● **What is needed**
In the copy, include every entry exactly but none of the images.

● **Data shown**
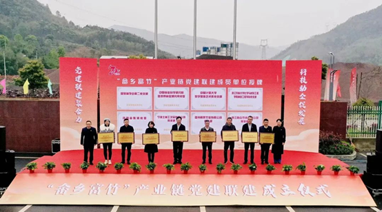 为全面贯彻落实党的二十大精神,加强基层组织建设,深化党建联建机制,以高质量党建引领高质量发展,本着“共建共赢、互帮互助、共同提升”原则,结合多方实际,3月27日,浙江省温州市泰顺县司前畲族镇党委在温州甬泰竹业有限公司召开泰顺县竹产业发展论坛暨“畲乡富竹”产业链党建联建成立仪式。中国林业科学研究院亚热带林业研究所党委书记、所长吴红军,中国林学会学术部主任、中国林学会第二党支部书记曾祥谓,县政协党组书记、主席雷全勉,县委常委、组织部长周碧素,县人民政府副县长严炳宽,县科协、县科技局、县自然资源和规划局、县农业农村局等单位主要负责人,司前畲族镇班子成员、镇相关科室负责人, 司前畲族镇12个村主要干部以及宁波士林工艺品有限公司、浙江利众竹木有限公司、温州甬泰竹业有限公司等党建联建成员单位负责人共100余人出席活动。
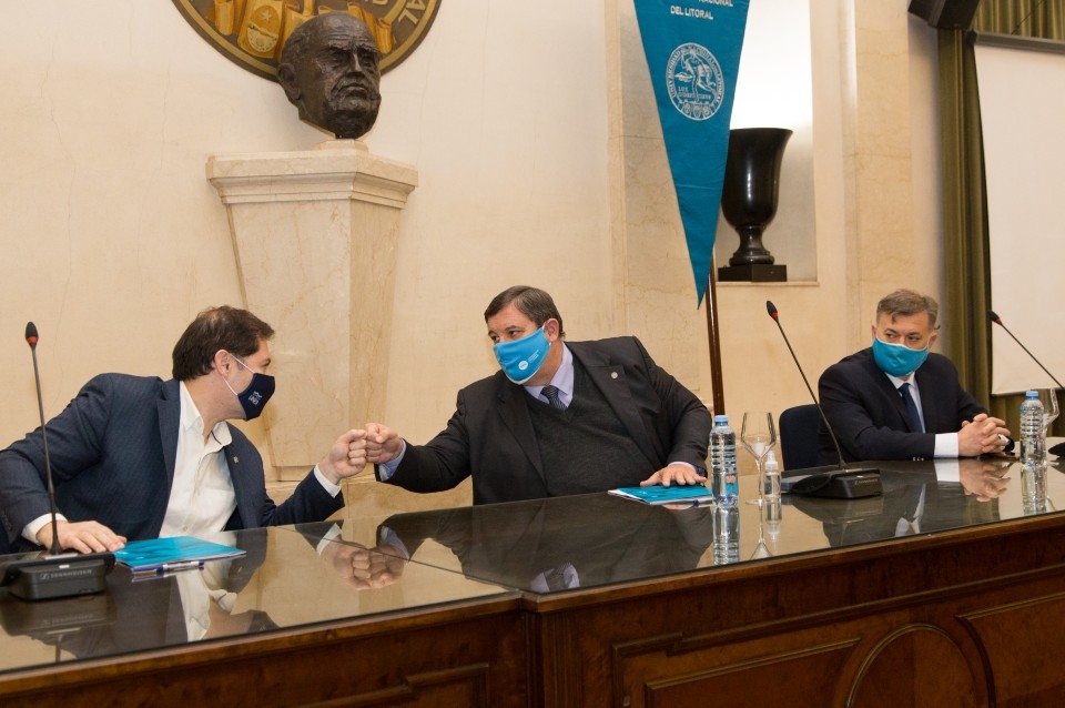 La Universidad Nacional del Litoral (UNL) y la Universidad Nacional de Entre Ríos (UNER) firmaron el convenio específico de asistencia técnica: “Anteproyecto para el Laboratorio de Tecnologías I+D+i de la Facultad de Ingeniería de la Universidad Nacional de Entre Ríos”. Fue en el marco de un acto que se concretó este martes 14 de septiembre, en el recinto del Consejo Superior de la UNL; y estuvo encabezado por el rector de la UNL Enrique Mammarella; el decano de la Facultad de Arquitectura, Diseño y Urbanismo (FADU-UNL), Sergio Cosentino; y el decano de la Facultad de Ingeniería de la UNER (FI UNER), Diego Campana. Se contó también con la presencia de autoridades de FADU-UNL, de FI UNER, de la Secretaría de Vinculación y Transferencia Tecnológica, del Cetri Litoral, docentes y coordinadores técnicos del trabajo enmarcado en dicho proyecto.
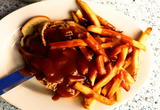 The best hot beef sandwiches ever. Like eating outside. To dark inside.
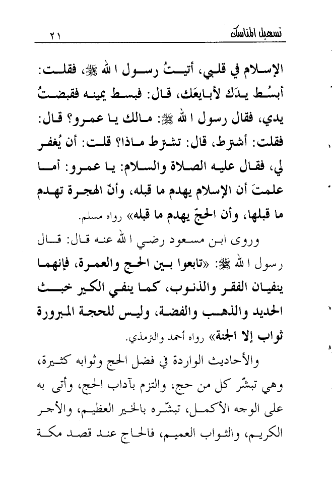 وروى ابن مسعود رضي الله عنه قال: قال رسول الله صلى الله عليه وسلم: " تابعوا بين الحج والعمرة، فإنهما ينفيان الفقر والذنوب، كما ينفي الكير خبث الحديد والذهب والفضة، وليس للحجة المبرورة ثواب إلا الجنة " رواه أحمد والترمذي. والأحاديث الواردة في فضل الحج وثوابه كثيرة، وهي تبشّر كل من حج، والتزم بآداب الحج، وأتى به على الوجه الأكمل، تبشّره بالخير العظيم، والأجر الكريم، والثواب العميم، فالحاج عند قصد مكة
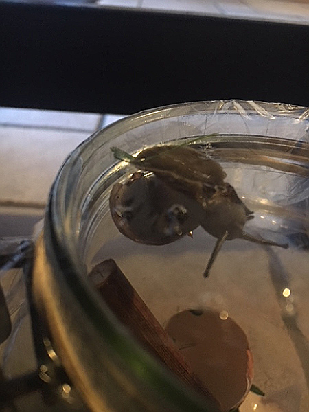 Die Schnecke hängt seit ca. 6 Stunden kopfüber an der Frischhaltefolie und war noch nicht am Essen.
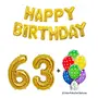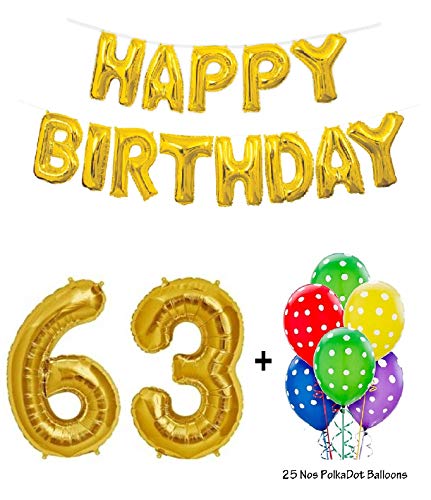 Number 63 Gold Foil Balloon and 25 Nos Polka Dotted Multi Coloured Latex Balloon and Happy Brthday Gold Foil Balloon Combo
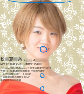 そんな彼女の別名がなんと「M◯s of the Y◯ar 202◯」日本大会ファイナリストの【松◯夏◯奈】さんでは?との、読者様からのご情報を頂きました。
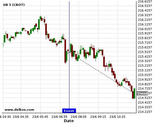 This probability is based on the last 12 DE Markit Manufacturing PMI Flash events, in which 7 of the last 9 events where the actual number was greater than than the economist consensus resulted in an down trend of UB.

● **Task response**
 为全面贯彻落实党的二十大精神,加强基层组织建设,深化党建联建机制,以高质量党建引领高质量发展,本着“共建共赢、互帮互助、共同提升”原则,结合多方实际,3月27日,浙江省温州市泰顺县司前畲族镇党委在温州甬泰竹业有限公司召开泰顺县竹产业发展论坛暨“畲乡富竹”产业链党建联建成立仪式。中国林业科学研究院亚热带林业研究所党委书记、所长吴红军,中国林学会学术部主任、中国林学会第二党支部书记曾祥谓,县政协党组书记、主席雷全勉,县委常委、组织部长周碧素,县人民政府副县长严炳宽,县科协、县科技局、县自然资源和规划局、县农业农村局等单位主要负责人,司前畲族镇班子成员、镇相关科室负责人, 司前畲族镇12个村主要干部以及宁波士林工艺品有限公司、浙江利众竹木有限公司、温州甬泰竹业有限公司等党建联建成员单位负责人共100余人出席活动。
 La Universidad Nacional del Litoral (UNL) y la Universidad Nacional de Entre Ríos (UNER) firmaron el convenio específico de asistencia técnica: “Anteproyecto para el Laboratorio de Tecnologías I+D+i de la Facultad de Ingeniería de la Universidad Nacional de Entre Ríos”. Fue en el marco de un acto que se concretó este martes 14 de septiembre, en el recinto del Consejo Superior de la UNL; y estuvo encabezado por el rector de la UNL Enrique Mammarella; el decano de la Facultad de Arquitectura, Diseño y Urbanismo (FADU-UNL), Sergio Cosentino; y el decano de la Facultad de Ingeniería de la UNER (FI UNER), Diego Campana. Se contó también con la presencia de autoridades de FADU-UNL, de FI UNER, de la Secretaría de Vinculación y Transferencia Tecnológica, del Cetri Litoral, docentes y coordinadores técnicos del trabajo enmarcado en dicho proyecto.
 The best hot beef sandwiches ever. Like eating outside. To dark inside.
 وروى ابن مسعود رضي الله عنه قال: قال رسول الله صلى الله عليه وسلم: " تابعوا بين الحج والعمرة، فإنهما ينفيان الفقر والذنوب، كما ينفي الكير خبث الحديد والذهب والفضة، وليس للحجة المبرورة ثواب إلا الجنة " رواه أحمد والترمذي. والأحاديث الواردة في فضل الحج وثوابه كثيرة، وهي تبشّر كل من حج، والتزم بآداب الحج، وأتى به على الوجه الأكمل، تبشّره بالخير العظيم، والأجر الكريم، والثواب العميم، فالحاج عند قصد مكة
 Die Schnecke hängt seit ca. 6 Stunden kopfüber an der Frischhaltefolie und war noch nicht am Essen.
 Number 63 Gold Foil Balloon and 25 Nos Polka Dotted Multi Coloured Latex Balloon and Happy Brthday Gold Foil Balloon Combo
 そんな彼女の別名がなんと「M◯s of the Y◯ar 202◯」日本大会ファイナリストの【松◯夏◯奈】さんでは?との、読者様からのご情報を頂きました。
 This probability is based on the last 12 DE Markit Manufacturing PMI Flash events, in which 7 of the last 9 events where the actual number was greater than than the economist consensus resulted in an down trend of UB.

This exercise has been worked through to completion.